Köln setzt sich unten ab

Der 1. FC Köln hat seinen Mittelfeldplatz in der Tabelle der Fußball-Bundesliga gefestigt. Die Rheinländer setzten sich gegen den FC Augsburg mit 3:0 (2:0) durch. Der zweifache Torschütze Lukas Podolski war dabei der auffälligste Akteur.

Lukas Podolski hat die Mini-Krise seines 1. FC Köln und zugleich die kleine Erfolgsserie von Bundesliga-Aufsteiger FC Augsburg nahezu im Alleingang beendet. Der bestens aufgelegte Nationalspieler legte mit seinen Saisontreffern sieben und acht (19. und 24., Foulelfmeter) den Grundstein zum verdienten 3:0 (2:0)-Erfolg der Rheinländer gegen die Schwaben und verdarb damit auch dem ihm bestens bekannten Jos Luhukay die Rückkehr an den Dom.

Den dritten Treffer erzielte Slawomir Peszko (56.), bevor der Augsburger Torsten Oehrl nach einem groben Foulspiel von hinten gegen Sascha Riether die Rote Karte (75.) sah. Darüber mokierte sich Augsburgs Sportchef Andreas Rettig: „War kein Rot, er hat auch den Ball getroffen.“ Aber eben auch das Bein. Die Entscheidung von Schiedsrichter Gagelmann (Bremen) war also nachvollziehbar.

Doppelschlag von Podolski

Während der Augsburger Coach, der als ehemaliger Kölner Co-Trainer Podolskis Karriere maßgeblich geprägt hat, mit seiner Mannschaft auf einen Abstiegsplatz abrutschte, stellte Köln den Anschluss ans obere Mittelfeld her. Dass die Kölner wieder Licht am Ende des Tunnels sehen, hatten sie vor allem Podolski zu verdanken, der seine Mannschaft vor 48 000 Zuschauern mitriss und mit seinem Doppelschlag in der ersten Halbzeit auch maßgeblich für neues Selbstvertrauen bei den Gastgebern sorgte. Er rutschte mit acht Toren auf den dritten Rang der Torschützenliste. „Wir sind absolut im Soll und haben jetzt acht Punkte Abstand nach unten.
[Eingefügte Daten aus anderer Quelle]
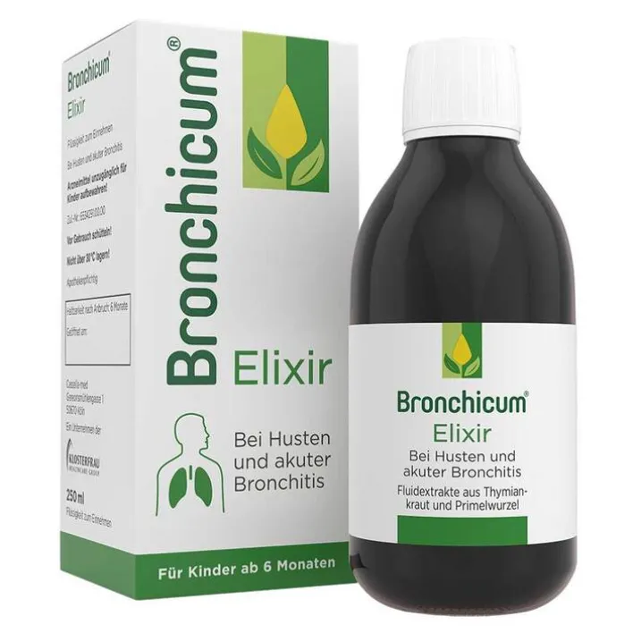 Bronchicum® Elixir. Anwendungsgebiete: Behandlung der Symptome einer akuten Bronchitis und Erkältungskrankheiten der Atemwege mit zähflüssigem Schleim. Warnhinweise: Enthält 4,9 Vol.-% Alkohol. Enthält Sucrose (Zucker) und Invertzucker. Packungsbeilage beachten. Zu Risiken und Nebenwirkungen lesen Sie die Packungsbeilage und fragen Sie Ihre Ärztin, Ihren Arzt oder in Ihrer Apotheke.

Da gibt es nichts zu bemängeln“, freute er sich hinterher.

Nach der 0:5-Pleite am Wochenende zuvor beim deutschen Meister Borussia Dortmund und dem Pokal-Aus unter der Woche bei 1899 Hoffenheim (1:2) waren die Geißböcke von Beginn an um Wiedergutmachung bemüht. Podolski ließ mit einem trockenen Schuss aus spitzem Winkel Augsburgs Torwart Simon Jentzsch schlecht aussehen. „Da trage ich Mitschuld“, gab Jentzsch ehrlich zu. Der Keeper war dann beim umstrittenen Strafstoß von Podolski allerdings chancenlos, den Hajime Hosogai mit einem Foul an Christian Clemens verursacht haben soll.

Auch nach dem Seitenwechsel bot sich das gleiche Bild, die Kölner dominierten. Von den Gästen, bei denen Abwehrspieler Uwe Möhrle bereits nach sechs Minuten verletzungsbedingt vom Feld musste, war in der Offensive fast nichts mehr zu sehen. (sid/fr)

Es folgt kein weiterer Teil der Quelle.